When it starts getting dark earlier in the afternoon, the leaves start getting brighter and more colorful, and there is a distinct chill in the air during the night, you know autumn is on its way. During September, there is a glorious list of seasonal ingredients to cook with. Butternut squash, wild mushrooms, aubergines, quinces, plums, pumpkins…and, of course, apples. This delicious and flavoursome food should be enjoyed before the long nights of winter set in.
These recipes using apples are super satisfying and bursting with seasonal flavours. Apples are equally satisfying in sweet and savoury dishes. In croatia, they have been most often used for pies and strudel, a dish that once belonged to the Austro-Hungarian empire. While apple strudel is the most common dessert in Croatian households, in this article we are offering you three different ideas for cooking with apples.
Apple mousse
- 5 apples
- 100 ml whipping cream
- 2 sticks of cinnamon
- ½ tsp powdered cinnamon
- 4 tbsp honey
- 1 tsp vanilla extract
- Walnuts
- Wash apples, peel them, cut in half and core them. Cook in boiling water with 2 sticks of cinnamon for 20 minutes. Take them out and puree in your blender. Add cinnamon, honey and vanilla.
- Whip cream until stiff peaks form and combine with apple puree.
- Serve in glasses. Garnish with some walnuts and powdered cinnamon.
Caramel apples
- 200 g sugar
- 100 ml heavy cream
- 1 tsp vanilla extract
- 30 g butter
- 100 g dark chocolate
- 1 tbsp sunflower oil
- 8-10 apples
- Sticks or twigs
- Chopped nuts
- Wash apples in warm water, wipe them and remove the stem from each apple. Press a twig (or a craft stick) into the top and let cool in the regrigerator.
- Cook the caramel: melt sugar on low heat until it completely dissolves and becomes light amber in colour. Remove from heat, add heavy cream and be very careful because the caramel is extremely hot. Place the mixture onto medium heat again and cook until it becomes uniform and all the caramel completely dissolves. Add butter and vanilla extract. Let cool slightly and dip apples into it.

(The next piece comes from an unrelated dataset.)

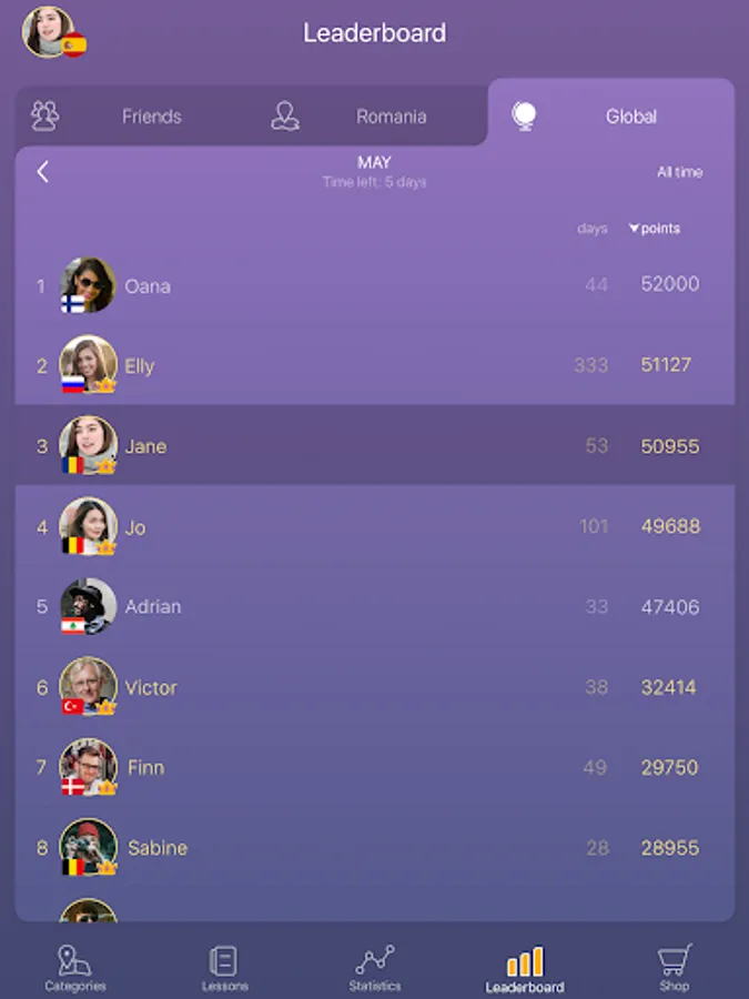 The Leaderboard. See how your friends are doing and compete with people from all over the world to become the best learner in the Mondly community family. Take the Weekly Quiz to become even better.

- Roll apples into chopped nuts immediately, while the caaramel is still warm. Line apples onto a baking sheet so that the caramel part does not stick to any surface. Refrigerate.
- Melt chocolate on low heat, add oil. Sprinkle chocolate over cooled apples.
Apple pies
For the crust
- 350 g all purpose flour
- 1 tsp salt
- 2 tbsp sugar
- 225 g cold, unsalted butter, cut into cubes
- ¼ cup (60 ml) ice water
For the filling
- 5 apples
- 100 g brown sugar
- 1 tsp cinnamon
- 1 tsp lemon zest
- 1 tbso melted butter
- 1 tsp vanilla extract
- 15 g cornstarch
- Combine flour, salt and sugar. Add butter and mix until the mixture resembles coarse meal. Slowly add water, mix for about 30 seconds, just until the dough comes together. Cover it with plastic wrap and refrigerate for 1 hour.
- Wash apples, peel and cut into tiny dices. Add cinnamon, sugar, lemon zest and juice, vanilla, melted butter and cornstarch. Stir to combine.
- Preheat oven to 356 F (180 C). Grease muffin tins.
- On a floured surface, roll out the chilled dough to about 0.1-inch (3 mm) thickness. Using circle cutters (or a glass) cut out the dough. You will need 2 sizes: bottom part will be larger and top a bit smaller. Take the bottom circle and press it gently into a muffin cup. Fill it with apple mixture, to the top. Put smaller circle on top of your mini pie, press edges with fork or your fingers.
- Using a sharp knife, make slits in the center of each pie.
- Bake for about 40 minutes, until nicely golden.